For genuine enquiry even to be possible we have to be free from struggle, free from the tyranny of achievement, ambition. For deep enquiry to take place we need a lens. A lens that takes us deep into our body. Yoga practices, techniques are these lenses. They allow us to look deeply within the body. They allow us to encounter our body more deeply, more fully.  This encounter will only be fruitful, satisfying, if it allows us to become genuinely intimate with our body. This can not be so if we are trying to impose anything on it. This can not happen if we are demanding anything of it. This is impossible if we are trying to improve the body or anything else.

When we enquire deeply in to what is happening in and as body we encounter more than the body. We also encounter mind. As our experience of body becomes more deep, more subtle and more clear, so is our experience of mind. We begin to realise that there is no experience of body without mind. That there is no experience of mind without body. That though they can be separated conceptually, in out thinking, they cannot be separated in experience. To experience any aspect of the body is to recognise that aspect. Mind revealing body and body revealing mind.

If we keep enquiring into what is actually happening we soon encounter more than body and mind. We encounter, we recognise the presence of awareness. We realise that there can be no experience of body without the presence of awareness. We realise that there can be no experience of mind without the presence of awareness. We realise that there can be no experience at all without the presence of awareness. We realise that to encounter the body deeply is to experience both mind and awareness. We realise that awareness, mind and body are one.
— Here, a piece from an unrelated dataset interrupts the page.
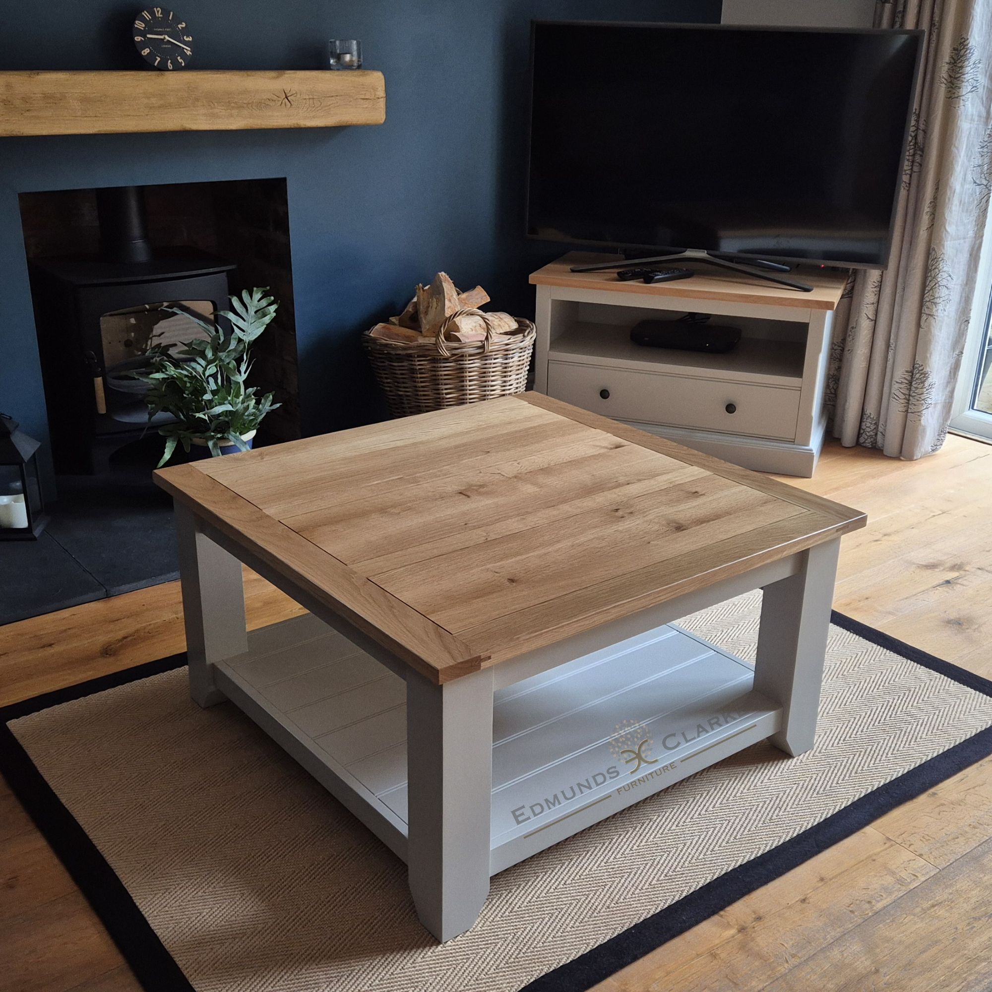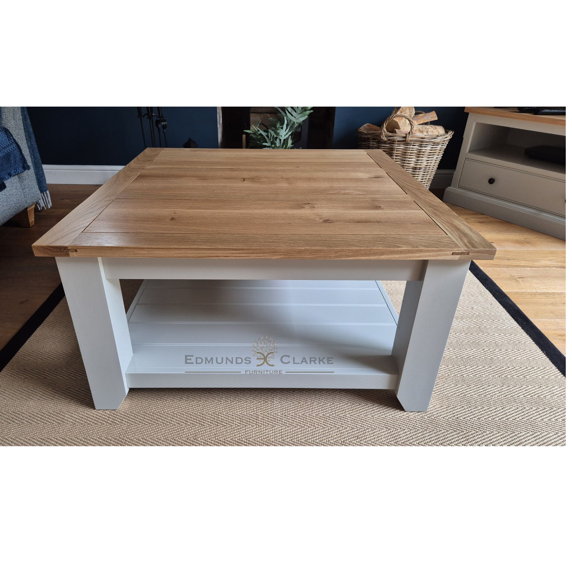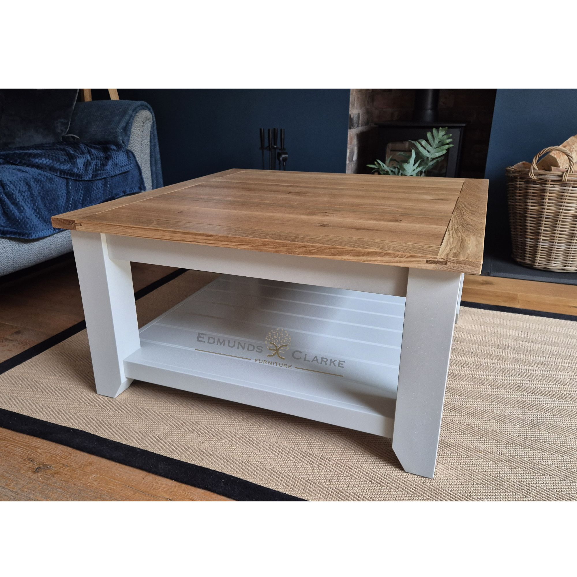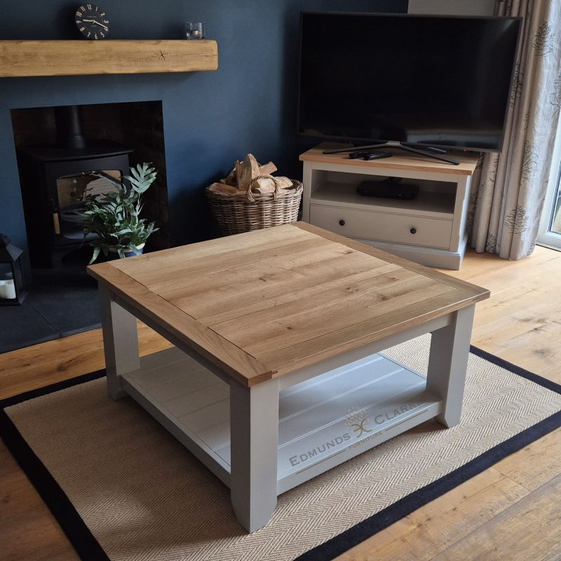 This lovely bespoke large coffee table has a lovely solid oak panelled top finished in a hard wearing clear Matt lacquer. Made specifically for a customer who needed a large square coffee table.

This is a powerful realisation. One that does not and can not come from effort. It does not come from trying to shape our experience. A realisation that does not and can not come from wishful thinking.  It does not come from understanding the logic of it. It comes only from experience. Experience that rests on a deep, intimate encounter with the nature of the body. An encounter that can only take place if we are relaxed. The realisation of our true nature depends on our being relaxed enough to be able to enquire deeply enough into what is happening in and as the body. Nothing else is required. Anything else will prevent enquiry from happening. Anything else will prevent relaxation from becoming deep peace. Anything else will prevent yoga from being fruitful.